You sit down at the communal lunch table, a glass of ginger green-tea kombucha and a terrifying blank piece of paper in front of you.

Right as – you swear – you were about to start writing the greatest commencement address of all time, one of those newfangled data scientists walks over and sits down, directly across from you. Can't they see that you're in-the-zone? And why are you paying them so much if they're just sitting around all the time?

"I think I can help you."

You glance up at them, barely.

"I overheard your conversation with Sam. Don't give me that look, it's an open office layout – probably your idea, too. Anyway, I think I can help you out. You need a speech. A good one. And quickly."

You drop your (Sam's) pen on the table, cross your arms, and lean backwards.

"I'm listening."

"Have you heard of Markov chains?"

A little bit of Markov in your life

In this post, I'll show you how you can easily generate your own overwrought and highly-sentimental commencement address clichés using a simple Markov chain library in Python and an open dataset of commencement speeches on FloydHub.

In just a few minutes, you'll be spouting gems like:

The secret to success in start-ups, or any other collaboration, is to stick an old head on a motorcycle weaving his way down the hall, he passed a door – it was empty.

Or perhaps this wisdom nugget:

Think of your ancestors: Among them, for everybody here, among your ancestors and I even thought about running away from the old ones.

Try it now

Click this button to open a Workspace on FloydHub where you can train a Markov chain model to generate "commencement speech style" sentences in a live JupyterLab environment.
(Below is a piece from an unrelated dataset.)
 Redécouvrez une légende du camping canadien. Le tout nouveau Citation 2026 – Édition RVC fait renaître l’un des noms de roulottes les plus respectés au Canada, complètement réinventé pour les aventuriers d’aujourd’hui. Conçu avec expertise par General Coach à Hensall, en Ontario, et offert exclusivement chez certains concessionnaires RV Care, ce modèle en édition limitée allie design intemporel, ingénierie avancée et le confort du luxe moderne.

The commencement address dataset of ~300 famous speeches will be automatically attached and available in the Workspace. Just follow along with the speech_maker Jupyter notebook. It's that easy, folks.
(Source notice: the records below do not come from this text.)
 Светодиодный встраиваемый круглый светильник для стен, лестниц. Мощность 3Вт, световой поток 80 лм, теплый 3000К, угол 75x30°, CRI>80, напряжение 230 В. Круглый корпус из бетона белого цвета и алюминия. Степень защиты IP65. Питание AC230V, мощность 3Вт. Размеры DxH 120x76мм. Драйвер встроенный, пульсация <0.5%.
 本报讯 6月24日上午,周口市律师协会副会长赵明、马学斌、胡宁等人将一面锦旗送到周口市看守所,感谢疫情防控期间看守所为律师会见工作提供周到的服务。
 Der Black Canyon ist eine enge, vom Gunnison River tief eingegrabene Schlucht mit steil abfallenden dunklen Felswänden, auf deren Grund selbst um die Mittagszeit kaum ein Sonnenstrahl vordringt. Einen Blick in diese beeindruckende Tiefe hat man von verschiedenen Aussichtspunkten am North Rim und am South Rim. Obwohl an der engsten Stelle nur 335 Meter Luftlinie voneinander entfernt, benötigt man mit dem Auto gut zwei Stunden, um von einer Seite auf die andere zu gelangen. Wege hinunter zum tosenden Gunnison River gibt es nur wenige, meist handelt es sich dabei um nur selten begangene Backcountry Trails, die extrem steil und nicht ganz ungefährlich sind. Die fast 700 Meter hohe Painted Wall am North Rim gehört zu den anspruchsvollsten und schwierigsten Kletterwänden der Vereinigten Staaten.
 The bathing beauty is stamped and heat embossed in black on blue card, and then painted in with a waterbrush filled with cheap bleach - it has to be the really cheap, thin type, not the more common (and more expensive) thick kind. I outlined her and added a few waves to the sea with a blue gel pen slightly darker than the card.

But what's a Markov chain?

A Markov chain, named after this bearded devil, is a model describing a sequence of states (these states which could be some situation, or set of values, or, in our case, a word in a sentence) along with the probability of moving from one state to any other state.

The best explainer I've found for Markov chains is the visual explainer produced by Victor Powell and Lewis Lehe. Stop what you're doing right now and read their post.

Good, you're back.

As you just learned, Markov chains are popular modeling tools in a variety of industries where people need to model impossibly-large real world systems – finance, environmental science, computer science. Powell and Lehe point out that Google's big bad PageRank algorithm is a form of Markov chain. So they're, like, a big deal.
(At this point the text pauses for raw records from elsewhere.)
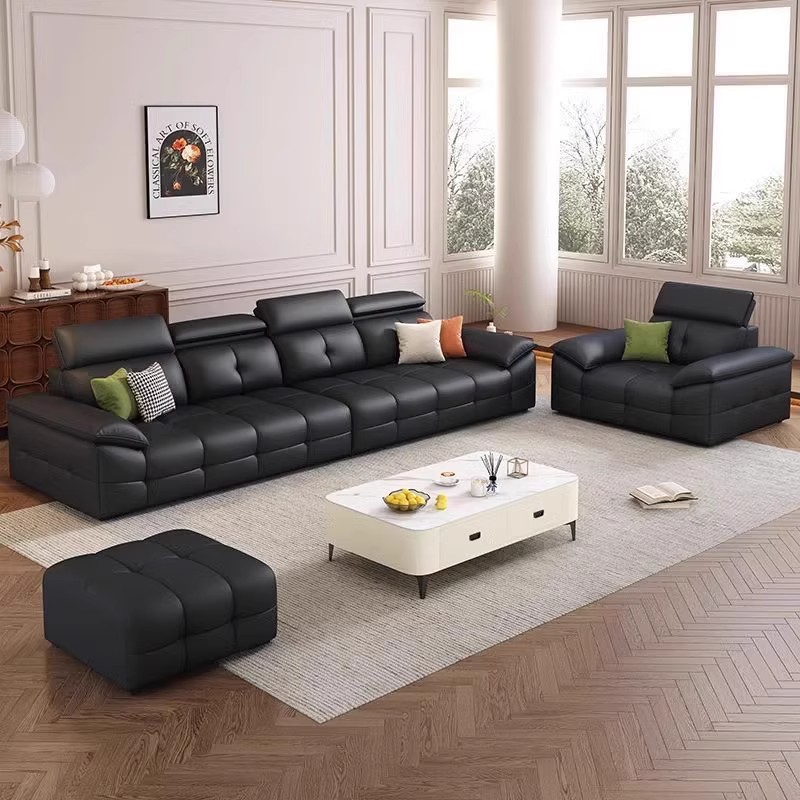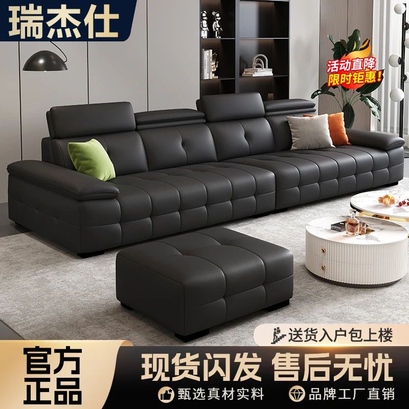 劳伦斯沙发客厅意式 极简大小户型黑色钢琴键真皮高级三四人位直排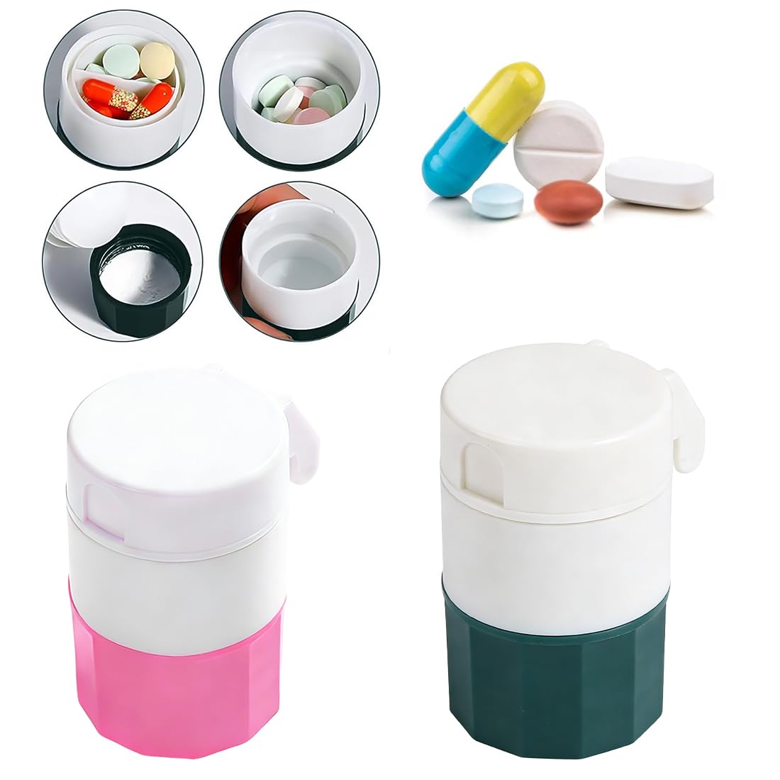 2 Pi ces Coupe Medicaments/Broyeur Comprim s/Tablet Storage Coupe Compar Facile Transporter Tournez Et Broyez Les Comprim s Couper et Stocker des M dicaments (Vert + Rose)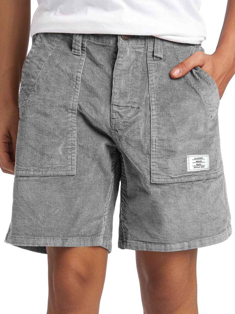 Men's Vintage Corduroy Embroidered Logo Casual Solid Color Comfort Shorts

But Markov chains have also found a nice sweet spot in the text generation realm of natural language processing (NLP). Or, in other words, they're perfect for creating Captain Picard Twitter bots.

Generating the best speech ever

In our case, we want to use a Markov chain to generate random sentences based on a corpus of famous commencement speeches.

Luckily, there's a simple Python library for that first part. It's called markovify. I'll show you how to use it in just a second.

First, we need to get some speech transcripts. Ah, data — the cause of and solution to all of deep learning's problems.

NPR's The Best Commencement Speeches, Ever, a site I frequent often, was a great starting point. From there, some BeautifulSoup scraping – along with a shocking amount of manual spam removal from the transcripts found on popular commencement speech sites (ugh, don't ask) – led to the assemblage of a dataset containing ~300 plaintext commencement speech transcripts.

The commencement speech dataset is publicly available on FloydHub so that you can use it your own projects. I've also put together a simple Gatsby.js static site if you'd like to casually read the speeches at your leisure.

Okay, back to business. As mentioned, the markovify library is insanely easy to use. Let me remind you again to just click the "Run on FloydHub" button above to follow along in the speech_maker notebook. Actually, here it is again:

To generate our sentences, we're going to iterate through all the speeches in our dataset (available at the /floyd/input/speeches path) and create a Markov model for each speech.

import os
import markovify

SPEECH_PATH = '/floyd/input/speeches/'

speech_dict = {}
for speech_file in os.listdir(SPEECH_PATH):
    with open(f'{SPEECH_PATH}{speech_file}') as speech:
        contents = speech.read()

        # Create a Markov model for each speech in our dataset
        model = markovify.Text(contents)
        speech_dict[speech_file] = model

Then, we'll use a markovify's combine method to combine them into one large Markov chain.

models = list(speech_dict.values())

# Combine the Markov models
model_combination = markovify.combine(models)

Finally, we'll generate our random sentence:

print(model_combination.make_sentence())

Certainly I could do the most elegant and extraordinary products in federally funded highway projects.

You may have noticed that I've organized the individual speech models into a dictionary with the speech's filename as keys. Why did you do that, dummy? Well, if you keep following along with the speech_maker notebook, you'll see that this helps you more easily filter the speeches as you keep experimenting.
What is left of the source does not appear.